Exercise 5.14 Perform a Monte Carlo hypothesis test of whether the dice above is fair.
Replace the first ??? with your biased dice roll code and replace the second and third ??? with your proposed test statistic.
x <- ???
obs.test.stat <- ???
test.stat <- rep(0, 10000)
for(i in 1:10000) {
sim <- table(sample(1:6, 60, replace = TRUE))
test.stat[i] <- ???
}
mean(test.stat > obs.test.stat)Click for solution
## SOLUTION
x <- table(sample(1:6, 60, replace = TRUE, prob = c(0.15, 0.15, 0.15, 0.15, 0.15, 0.25)))
obs.test.stat <- sum((x-10)^2)
test.stat <- rep(0, 10000)
for(i in 1:10000) {
sim <- table(sample(1:6, 60, replace = TRUE))
test.stat[i] <- sum((sim-10)^2)
}
mean(test.stat > obs.test.stat)[1] 0.8381Explore how the above behaves as you try making the dice more and more biased. Also, try different ideas for test statistic – can you see which might be performing better?
Exploring MC testing
We’re interested in empirically exploring the behaviour of Monte Carlo testing. This complements the Tutorial this week, where you will look at some of these aspects theoretically.
- Is Monte Carlo testing always right, in the sense of agreeing with the theoretically exact conclusion?
- How does the Monte Carlo estimator convergence behave?
- If I have more than one idea for a test statistic, are they necessarily equally good choices?

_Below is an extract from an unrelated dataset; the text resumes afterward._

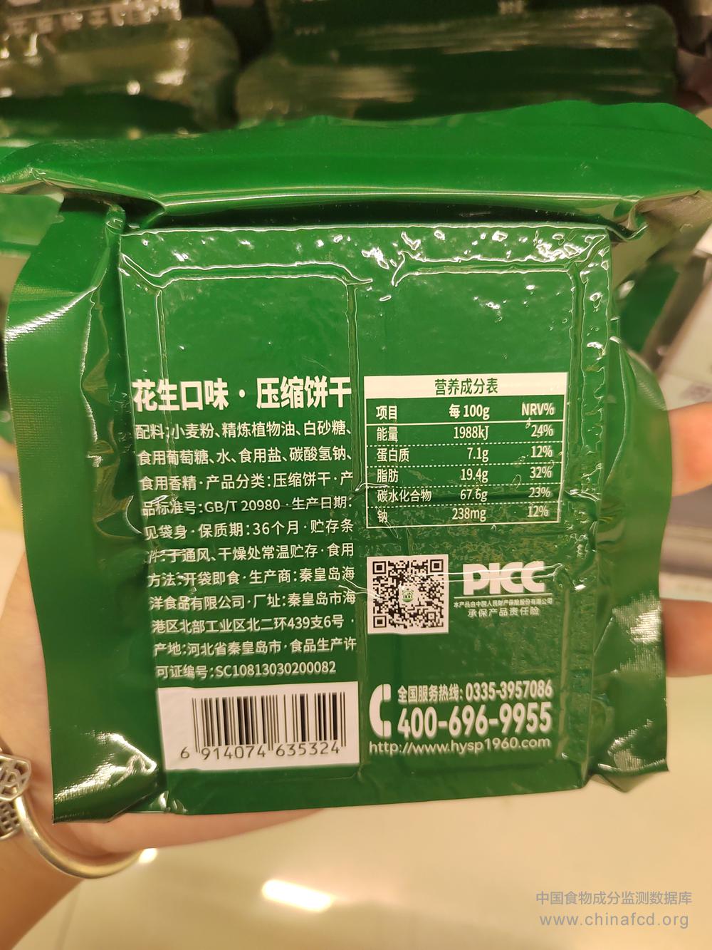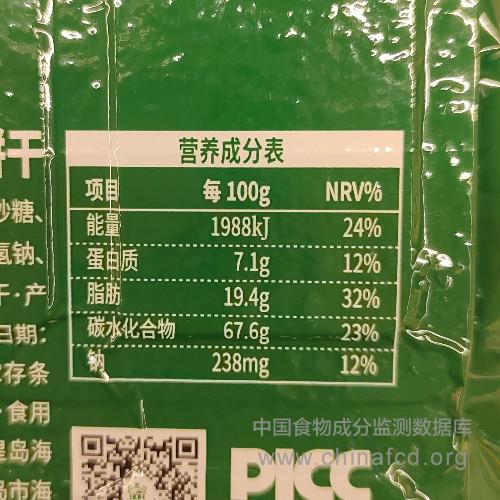 生产厂家:秦皇岛海洋食品有限公司 品牌:900 食物类别:休闲食品-饼干、面包-饼干-其他 配料:小麦粉、精炼植物油、白砂糖、食用葡萄糖、水、食用盐、碳酸氢钠、食用香精。 净含量:120g 条形码/识别码:6914074635324 储存方法:于通风、干燥处常温贮存 产地:河北省秦皇岛市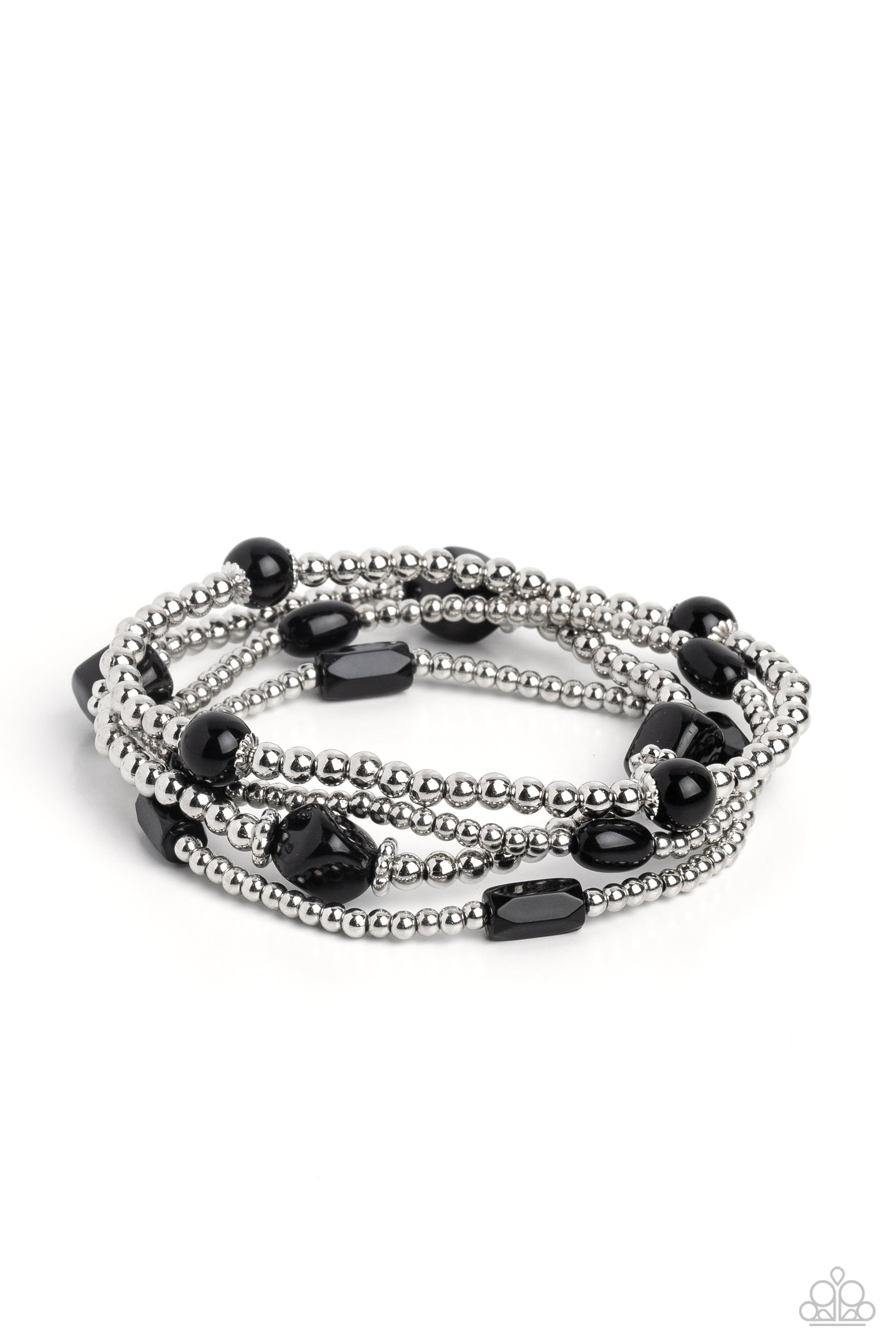 Dainty silver beads, silver accents, and black acrylics in milky, transparent, and solid shades wrap around the wrist on elastic stretchy bands for a colorfully geometric display.

We will look at just the first of these, but may return to the other questions another time … have a think about them in the mean time!
When analysing the behaviour of a method, it is convenient to consider a problem where we can calculate the theoretical answer exactly so that we can compare how Monte Carlo testing is doing (of course, in reality we usually resort to Monte Carlo testing in the cases where we don’t know the exact solution). Let’s use the World War II tanks example from the lecture, since it has a particularly easy form for the exact answer! 🪖
Exercise 5.15 Use R to calculate the exact p-value, if we now perform the one-sided test that the German army might have \(N=107\) tanks versus fewer (ie a different null value to the lecture, otherwise all the same).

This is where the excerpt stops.